SAN JOSE— Luke Kuechly strolls happily through the Carolina Panthers locker room smiling and addressing teammates as he passes.
He stops at defensive tackle Dwan Edwards' locker first and shares a laugh before moving up the carpeted, rectangular room and sitting with a group of running backs to chat.
He talks. He laughs. He leaves people in a better mood as he departs.
The Panthers seem to agree that Kuechly is, as safety Roman Harper describes him, "the nicest guy I've ever met in the world."
"Definitely," adds Edwards.
But they also know about Kuechly's "other side" — the moment when the All-Pro linebacker steps on the football field, things change quickly.
"He has this alter ego he manages to control. In the locker room he's so jolly, like, 'Hi Cameron,"' said quarterback Cam Newton, raising the pitch in his voice at the end to simulate Kuechly's cheery voice.
"And then on the field he's like 'Arrrrgh!"' Newton said, his voice turning more intense.
The QB shakes his head, "It's crazy."
"On the field he turns into something else — like Captain America saving everybody and everything," cornerback Josh Norman said. "He has a switch.
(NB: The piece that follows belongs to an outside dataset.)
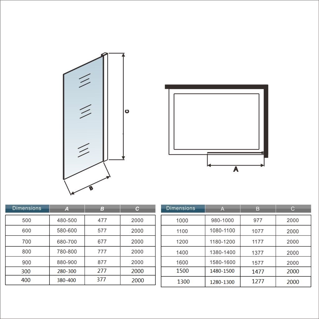 Libellé Paroi de douche à l'italienne - 130x200cm - En 8mm verre trempé clair - AICA - Paroi latérale fixe - En aluminium - Chromé

Some players got it and some players don't — he definitely has one."
Whatever switch Kuechly has, it certainly works.
He has more tackles than any player in the league since being selected by the Panthers in the first round out of Boston College in 2012. He has more interceptions (11) than any linebacker during that span and was named NFL Defensive Player of the Year in 2013.
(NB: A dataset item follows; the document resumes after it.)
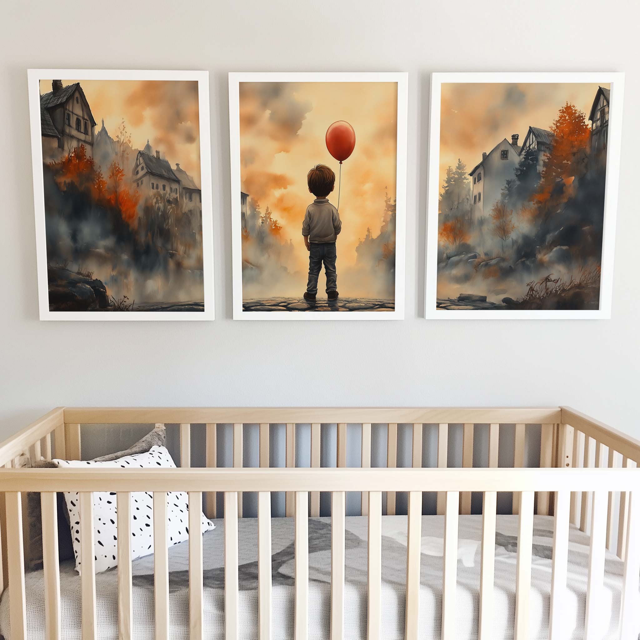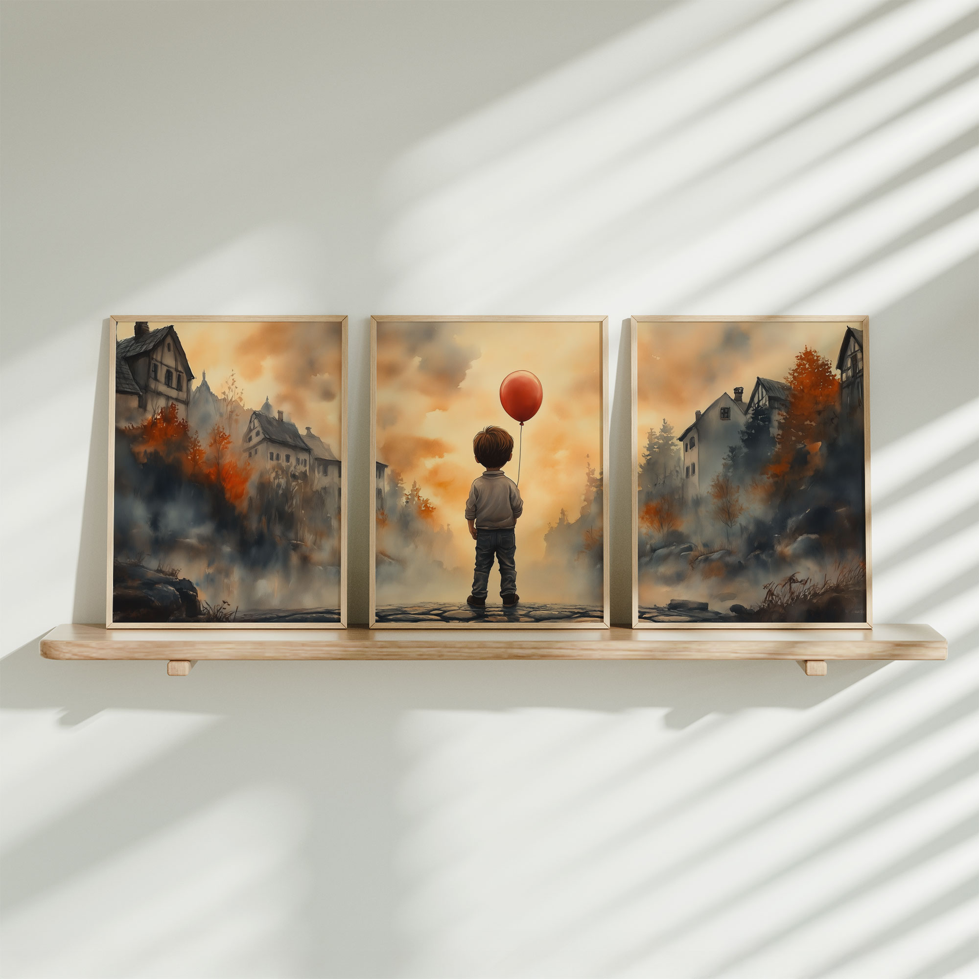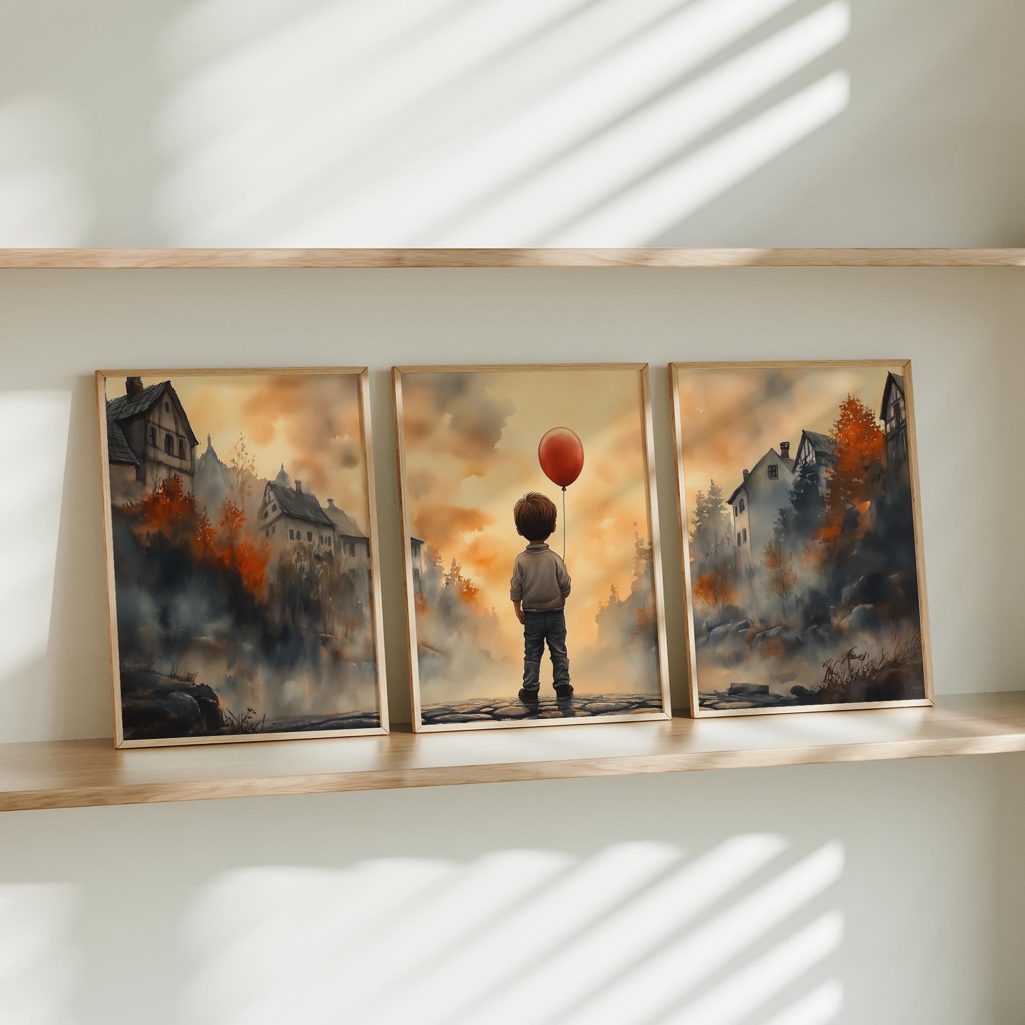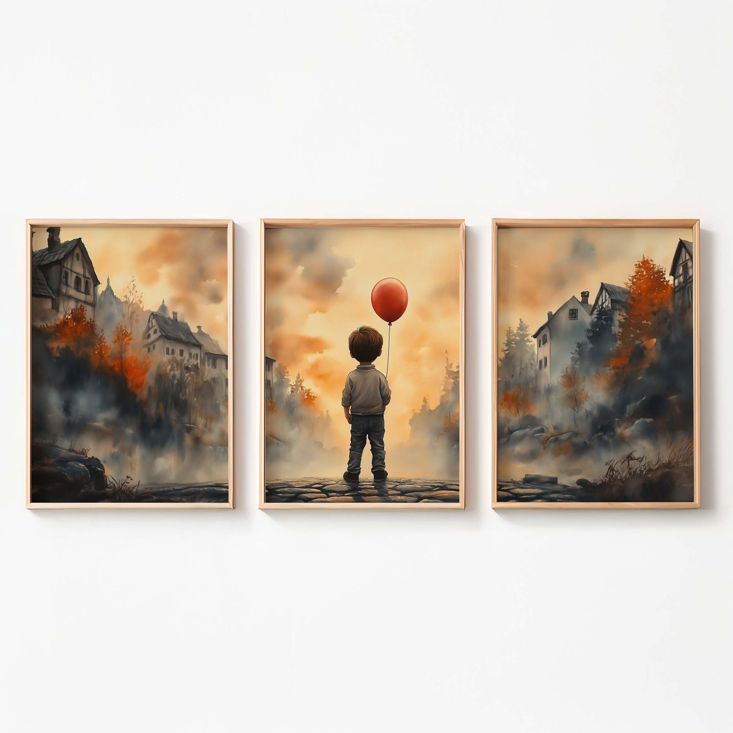 Terug naar collectie / Kinderkamer posters / Jongen met rode ballon in warm dorpstafereel

The Panthers are 44-24-1 since his arrival and will play in the Super Bowl on Sunday against the Denver Broncos.
Coach Ron Rivera said he sometimes has to remind himself that Kuechly is only 24.
"What more could you ask for than a guy to come in and take the league by storm?" tight end Greg Olsen said. "There is that expectation of what more can he do year-in and year-out? He seems to top himself. He's a special player."
"He's my favorite football player ever," said running back Jonathan Stewart.
The humble Kuechly gets bashful, almost embarrassed, talking about himself — particularly when it comes to his fiery demeanor on the field.
The 6-foot-3, 240-pound Kuechly says he lives by the simple motto of treating other people the way you want to be treated, but acknowledges that kind of goes out the window on game day.
"You can be one guy off the field, but when you get on the field the competitive aspect of who you are takes over," Kuechly said. "It doesn't matter who it is, everyone wants to compete, everyone wants to win and you have to do your best because if you let up for one second something bad will happen to you."
Broncos tight end Owen Daniels calls Kuechly "an animal" on the football field.
"He's sideline-to-sideline, flying around, passing guys, his own teammates, to make tackles," Daniels said. "You see all that stuff on film and it's really impressive."
Then he laughs and says, "Good to know he's a nice guy off the field."
Kuechly has 19 tackles, three pass breakups and two interception returns for touchdowns already this postseason.
Newton never misses a chance to playfully poke a little fun at Kuechly's humble, nice-guy persona. He was the one that dubbed the seemingly too-good-to-be-true Kuechly "Captain America," in part, to pick on him.
But when the teasing ends, he wants Kuechly on his team.
"Being around Luke makes me better," Newton said. "I haven't been around a lot of people that I can say their preparation, their play, their skillset brings the best out of me. When I see Luke and the work that he puts in from working out to preparing in the classroom and for it to come out on the field, it makes a person like me want to be better."